> **TASK DESCRIPTION**
Once you find the line with "Descubre la elegancia" in the data below, transcribe exactly each line from there to the line with "Creamos tu ramo", inclusive, and nothing else. Drop the pictures.

Stored records
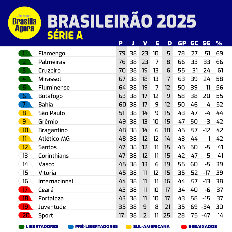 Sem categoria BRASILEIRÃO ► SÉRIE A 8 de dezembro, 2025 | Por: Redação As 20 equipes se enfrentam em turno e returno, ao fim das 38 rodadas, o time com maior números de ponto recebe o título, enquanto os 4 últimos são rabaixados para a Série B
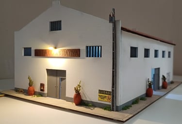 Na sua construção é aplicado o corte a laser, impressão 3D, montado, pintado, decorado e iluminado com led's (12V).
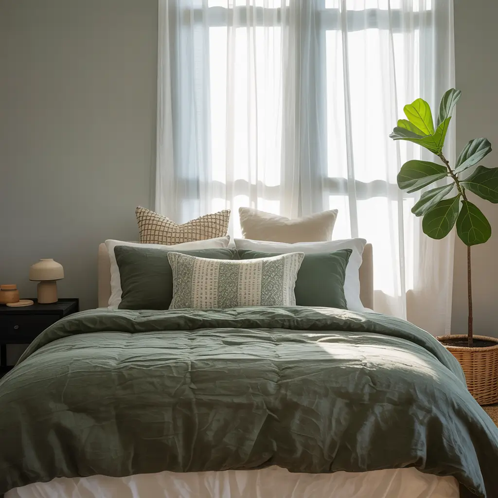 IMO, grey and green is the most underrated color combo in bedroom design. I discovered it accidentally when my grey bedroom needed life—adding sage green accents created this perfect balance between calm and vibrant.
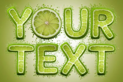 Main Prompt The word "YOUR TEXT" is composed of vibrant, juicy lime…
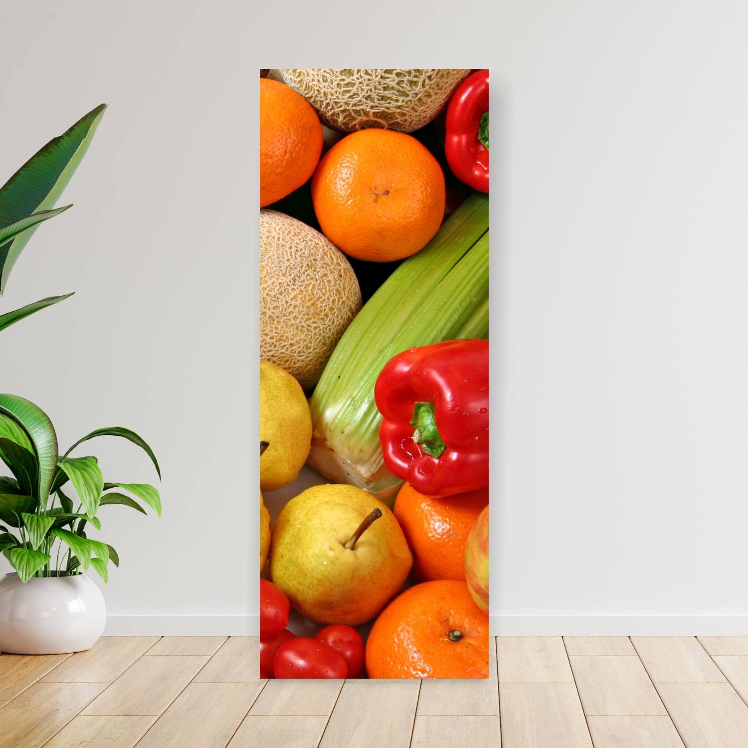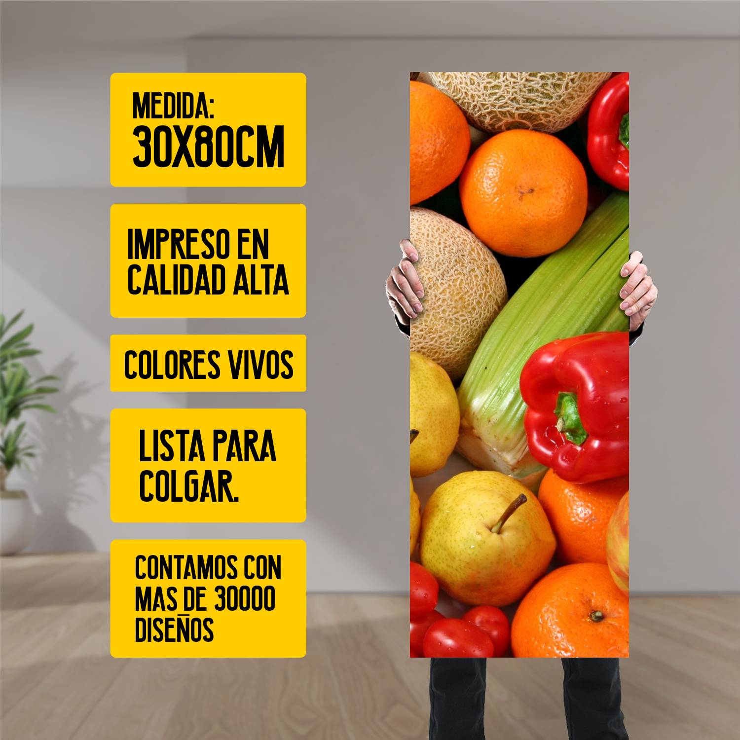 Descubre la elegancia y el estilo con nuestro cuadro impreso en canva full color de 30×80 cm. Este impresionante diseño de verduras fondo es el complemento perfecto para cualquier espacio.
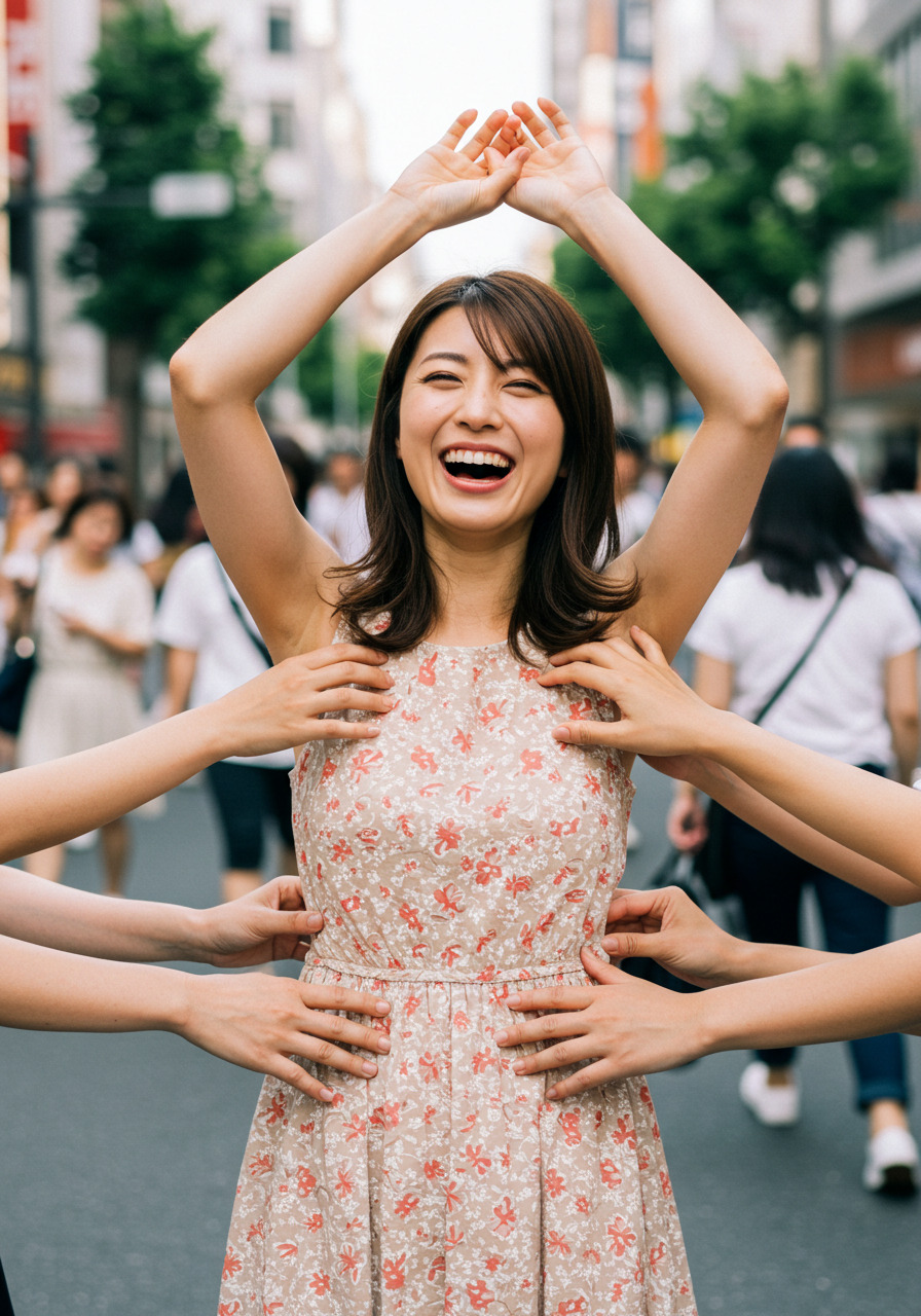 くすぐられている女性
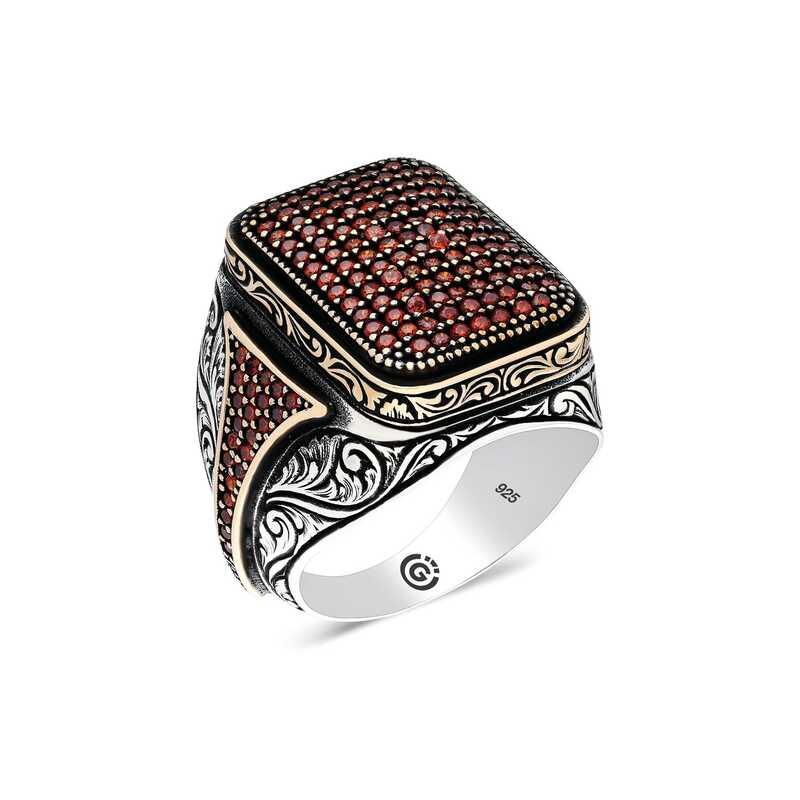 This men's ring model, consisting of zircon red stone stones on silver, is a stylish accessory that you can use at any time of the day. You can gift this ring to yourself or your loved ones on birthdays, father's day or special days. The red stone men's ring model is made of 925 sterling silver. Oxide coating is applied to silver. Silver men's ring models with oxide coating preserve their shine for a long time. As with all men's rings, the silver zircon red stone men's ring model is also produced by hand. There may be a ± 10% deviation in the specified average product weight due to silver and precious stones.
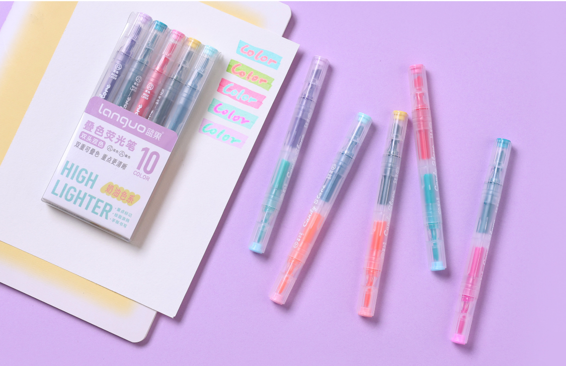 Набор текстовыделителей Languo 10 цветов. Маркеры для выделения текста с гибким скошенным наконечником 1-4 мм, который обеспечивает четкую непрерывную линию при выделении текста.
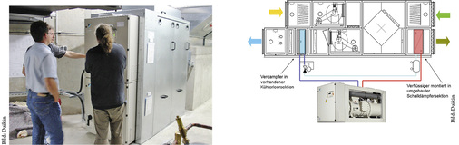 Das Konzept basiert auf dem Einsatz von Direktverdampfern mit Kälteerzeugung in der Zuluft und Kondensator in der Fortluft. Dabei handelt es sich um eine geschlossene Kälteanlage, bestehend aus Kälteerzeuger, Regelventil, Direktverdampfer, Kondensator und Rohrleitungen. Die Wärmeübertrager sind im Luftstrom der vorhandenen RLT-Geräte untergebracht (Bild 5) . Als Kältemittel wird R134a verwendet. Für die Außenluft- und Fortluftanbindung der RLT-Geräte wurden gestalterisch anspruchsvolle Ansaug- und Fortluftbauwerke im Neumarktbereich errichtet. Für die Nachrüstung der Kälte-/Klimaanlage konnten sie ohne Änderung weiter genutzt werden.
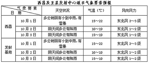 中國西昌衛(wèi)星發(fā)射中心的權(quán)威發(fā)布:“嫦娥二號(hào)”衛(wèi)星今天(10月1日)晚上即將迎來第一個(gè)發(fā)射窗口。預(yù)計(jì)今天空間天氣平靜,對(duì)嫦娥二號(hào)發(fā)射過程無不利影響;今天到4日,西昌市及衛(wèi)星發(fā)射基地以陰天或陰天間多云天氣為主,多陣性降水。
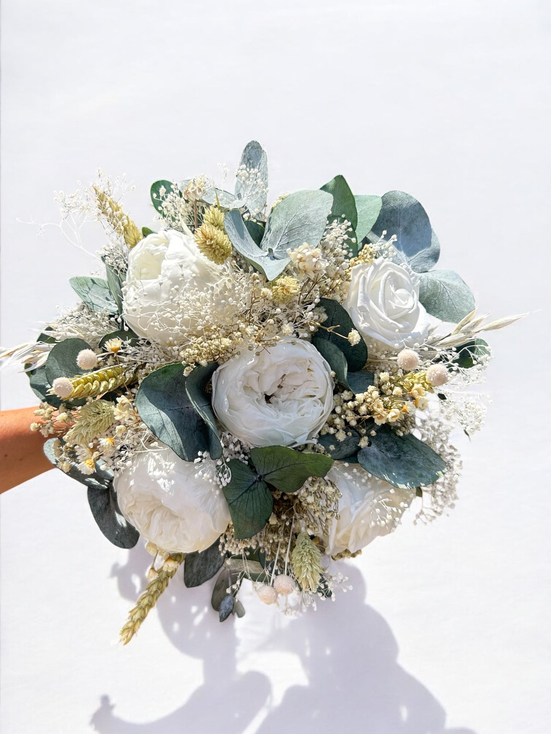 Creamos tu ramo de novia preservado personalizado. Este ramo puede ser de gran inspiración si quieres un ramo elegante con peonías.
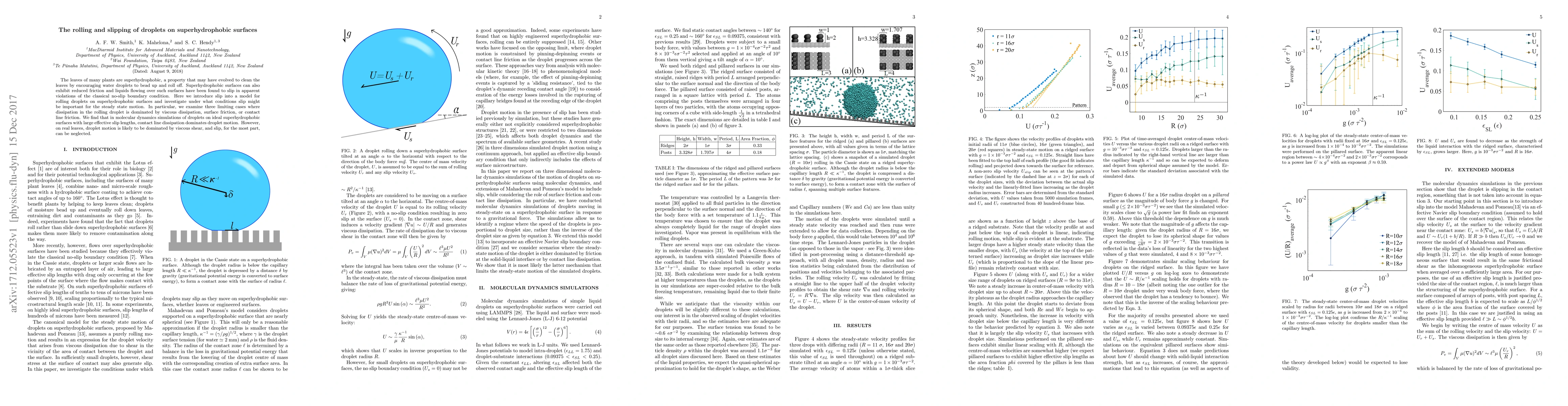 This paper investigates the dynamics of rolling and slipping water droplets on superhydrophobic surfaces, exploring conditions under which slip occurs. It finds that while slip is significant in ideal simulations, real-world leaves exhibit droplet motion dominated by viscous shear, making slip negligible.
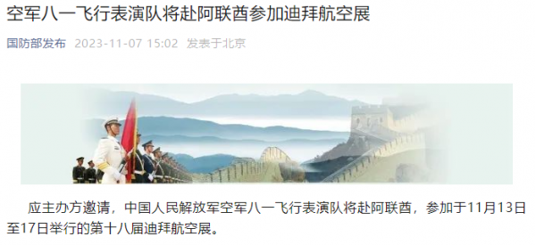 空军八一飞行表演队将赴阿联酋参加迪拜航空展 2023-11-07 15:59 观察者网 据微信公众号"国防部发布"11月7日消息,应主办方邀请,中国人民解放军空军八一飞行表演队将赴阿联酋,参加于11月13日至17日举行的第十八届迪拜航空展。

> **SOLUTION TO THE EXERCISE**
 Descubre la elegancia y el estilo con nuestro cuadro impreso en canva full color de 30×80 cm. Este impresionante diseño de verduras fondo es el complemento perfecto para cualquier espacio.
 くすぐられている女性
 This men's ring model, consisting of zircon red stone stones on silver, is a stylish accessory that you can use at any time of the day. You can gift this ring to yourself or your loved ones on birthdays, father's day or special days. The red stone men's ring model is made of 925 sterling silver. Oxide coating is applied to silver. Silver men's ring models with oxide coating preserve their shine for a long time. As with all men's rings, the silver zircon red stone men's ring model is also produced by hand. There may be a ± 10% deviation in the specified average product weight due to silver and precious stones.
 Набор текстовыделителей Languo 10 цветов. Маркеры для выделения текста с гибким скошенным наконечником 1-4 мм, который обеспечивает четкую непрерывную линию при выделении текста.
 Das Konzept basiert auf dem Einsatz von Direktverdampfern mit Kälteerzeugung in der Zuluft und Kondensator in der Fortluft. Dabei handelt es sich um eine geschlossene Kälteanlage, bestehend aus Kälteerzeuger, Regelventil, Direktverdampfer, Kondensator und Rohrleitungen. Die Wärmeübertrager sind im Luftstrom der vorhandenen RLT-Geräte untergebracht (Bild 5) . Als Kältemittel wird R134a verwendet. Für die Außenluft- und Fortluftanbindung der RLT-Geräte wurden gestalterisch anspruchsvolle Ansaug- und Fortluftbauwerke im Neumarktbereich errichtet. Für die Nachrüstung der Kälte-/Klimaanlage konnten sie ohne Änderung weiter genutzt werden.
 中國西昌衛(wèi)星發(fā)射中心的權(quán)威發(fā)布:“嫦娥二號(hào)”衛(wèi)星今天(10月1日)晚上即將迎來第一個(gè)發(fā)射窗口。預(yù)計(jì)今天空間天氣平靜,對(duì)嫦娥二號(hào)發(fā)射過程無不利影響;今天到4日,西昌市及衛(wèi)星發(fā)射基地以陰天或陰天間多云天氣為主,多陣性降水。
 Creamos tu ramo de novia preservado personalizado. Este ramo puede ser de gran inspiración si quieres un ramo elegante con peonías.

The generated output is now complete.